His after-the-fact condemnation of the violence at Poway and Pittsburgh rings hollow, when the acts were committed by people who have heard what he said and believe that he has given his sanction to the beliefs that underlie their violent conduct. And his refusal to see white nationalism as a rising threat — and instead blame the violence on a few people with mental health issues — is willfully ignorant, if it isn’t calculated, and an insult to the overwhelmingly harmless community of people with mental health issues. The violence at Poway or Pittsburgh or Christchurch is not about mental health.

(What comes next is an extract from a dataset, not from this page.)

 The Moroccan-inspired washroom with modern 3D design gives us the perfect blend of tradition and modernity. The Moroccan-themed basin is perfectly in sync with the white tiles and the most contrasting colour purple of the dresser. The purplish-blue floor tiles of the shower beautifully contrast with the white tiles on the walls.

It is the result of the unchecked spread of a virulently toxic ideology that believes it has sanction from the president, combined with the insanely easy access to weapons of war.
David: You’ll have to start drafting some of my posts.
David,
I agree with you that exclusivist theology or bigoted beliefs may lead to violent or intolerant action. You’re correct that Christian hatred and mistreatment of Jews has arisen from the belief that Jews are Christ-killers. Ideas do indeed have consequences.

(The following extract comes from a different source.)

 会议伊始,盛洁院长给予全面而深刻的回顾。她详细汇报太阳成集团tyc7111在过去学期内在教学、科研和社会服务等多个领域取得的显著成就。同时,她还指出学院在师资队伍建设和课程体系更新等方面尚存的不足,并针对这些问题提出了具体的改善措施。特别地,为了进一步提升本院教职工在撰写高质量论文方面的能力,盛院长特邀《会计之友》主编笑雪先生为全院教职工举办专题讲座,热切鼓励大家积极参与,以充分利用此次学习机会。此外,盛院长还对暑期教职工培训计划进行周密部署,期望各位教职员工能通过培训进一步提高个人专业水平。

Where I very much disagree with you is in your apparent belief that certain ideas are in themselves incompatible with good citizenship in a liberal democratic polity. I think that you conflate thought with action. And you seem to advocate the impossible.
You say that while Christians have a right to their belief about who gets into Heaven, they have no right to “condemn Jews, Muslims and others to hell.” If some Christians believe that only Christians go to Heaven, then a fortiori they believe that non-Christians do not. It is impossible to make the first assertion without making the second. Who says A says B. Are you then claiming that some Christians—or others, some Muslims, for instance— who hold such exclusivist beliefs are defective Americans?
And you seem to say that holding such exclusivist views means that one wants to “impose [his] views on others.” I’m not sure what this means. If by “impose” you mean use the power of the State or the larger culture to impair others’ lives or citizenship, then I agree with you that this is incompatible with ideal American practice. But you seem to mean that simply by believing an exclusivist theology one impairs the non-Believers life or citizenship or somehow “imposes” on him. If Ann Coulter, huddled in a darkened corner of her own bedroom and not even whispering it into the pillow, believes that the Atheist down the street is going to go to Hell, how has she somehow imposed on or harmed him? And in our system, is she not free to publicly assert her belief? Isn’t that the very meaning of the First Amendment, that we have no established religious doctrine, even a liberal tolerant one? Practice, yes; but not belief.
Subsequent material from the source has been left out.